The F-value is the Mean Square Regression divided by the Mean Square Residual. It is calculated on 9 Df for the coefficients and 50 Df for the residuals.
The P-value associated with this F-value is very small (5.596e-15). The P-value is a measure of how confident you can be that the independent variables reliably predict the dependent variable. P stands for probability and is usually interpreted as the probability that test data does not represent accurately the population from which it is drawn. If the P-value is 0.10, there is a 10% probability that the calculation for the test data is not true for the population. Conversely, you can be 90% certain that the results of the test data are true of the population.
For example, if the P-value were greater than 0.05, the group of independent variables does not show a statistically significant relationship with the dependent variable, or that the group of independent variables does not reliably predict the dependent variable. Note that this is an overall significance test assessing whether the group of independent variables when used together reliably predict the dependent variable, and does not address the ability of any of the particular independent variables to predict the dependent variable. The ability of each individual independent variable to predict the dependent variable is addressed in the coefficients table. (See P-values for the regression coefficients.)

Reference: Analysis of Variance (ANOVA) From Linear Regression

The following image shows the Model tab with the ANOVA table for the regression output. The ANOVA table provides statistics on each variable used in the regression equation.

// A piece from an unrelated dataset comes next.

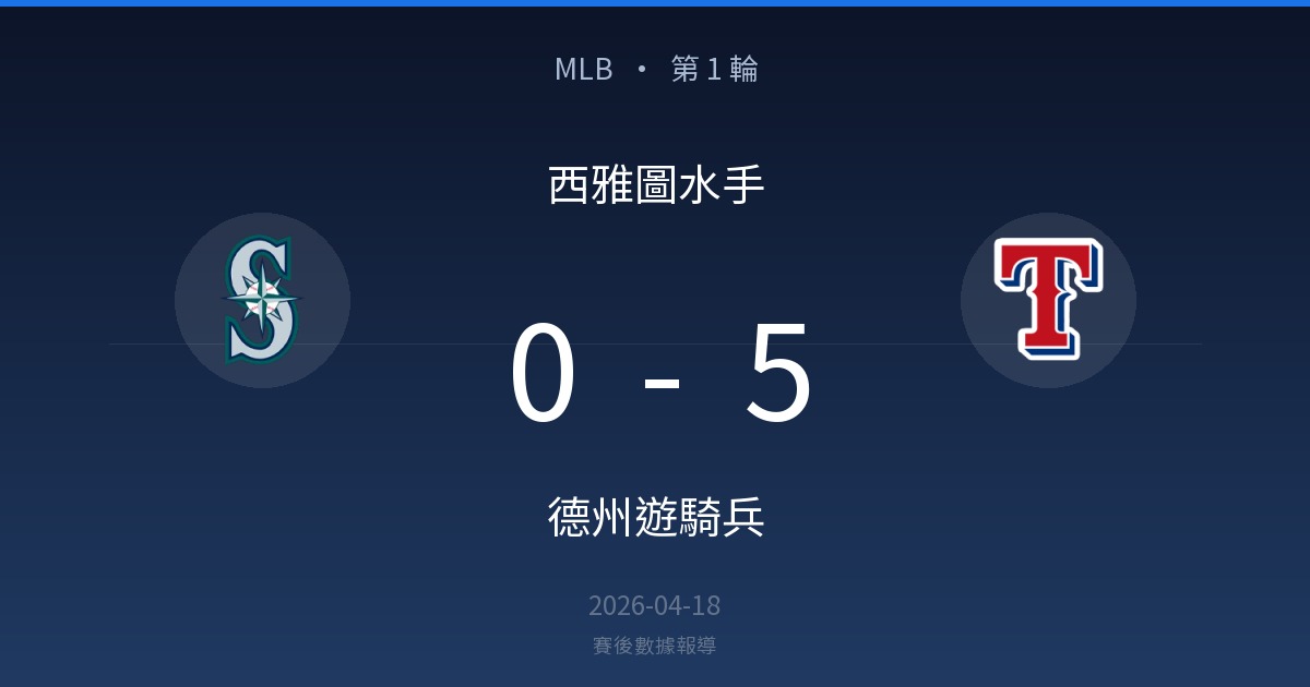 西雅圖水手 4 勝 · 0 平 · 6 負 德州遊騎兵 (近 10 場)

Model tab with ANOVA table

Analysis of Variance Table. This is the title of this section.
Response: Price_1991.
```
                   Df  Sum Sq Mean Sq F value    Pr(>F)    
WRAIN               1 2208522 2208522 44.7465 1.838e-08 ***
Degrees_in_C        1 4462834 4462834 90.4208 8.508e-13 ***
HRAIN               1 1702437 1702437 34.4928 3.445e-07 ***
Time_Since_Vintage  1   26861   26861  0.5442    0.4641    
Chateau             5 1962422  392484  7.9521 1.422e-05 ***
Residuals          50 2467813   49356                      
---
```
- Variable Names. The first column shows the names of the variables used in the equation. It also lists the Error Term (Residuals).
- Df. The degrees of freedom taken by each variable. The numeric independent variables take 1 degree of freedom each. The categorical variable has six unique values but since one is set as a reference for which no estimate is generated, the variable Chateau takes only 5 degrees of freedom. 50 degrees of freedom are left for the residuals. For example, 50=60-9-1.
- Sum Sq and Mean Sq. The Sum of Squares and Mean Squares are computed so that you can compute the F statistics. (See next section on F-value.)
- F-value and P-value. The F-value is computed by dividing the Mean Square by the Mean Square Residual. For example, the F-value for WRAIN is calculated by dividing the Mean Squares for the variable (2,208,522) by the Mean Square for the Residuals (49,356). The compute F-Value is 44.7465. The F-value is used to compute the P-value which indicates whether a variable is significant or not in the over model (for further explanation on the F-value and the P-value, see F-statistics and P-value).
Signif. codes:
```
0 '***' 0.001 '**' 0.01 '*' 0.05 '.' 0.1 ' ' 1
```
The significance codes indicate how certain we can be that the coefficient has an impact on the dependent variable. For example, a significance level of 0.001, indicates that there is less than a 0.1% chance that the coefficient might be equal to 0 and thus be insignificant. Stated differently, we can be 99% sure that it is significant. The significance codes (shown by asterisks) are intended for quickly ranking the significance of each variable.
Time taken: 0.53 secs.
The time taken to generate the parameter estimates.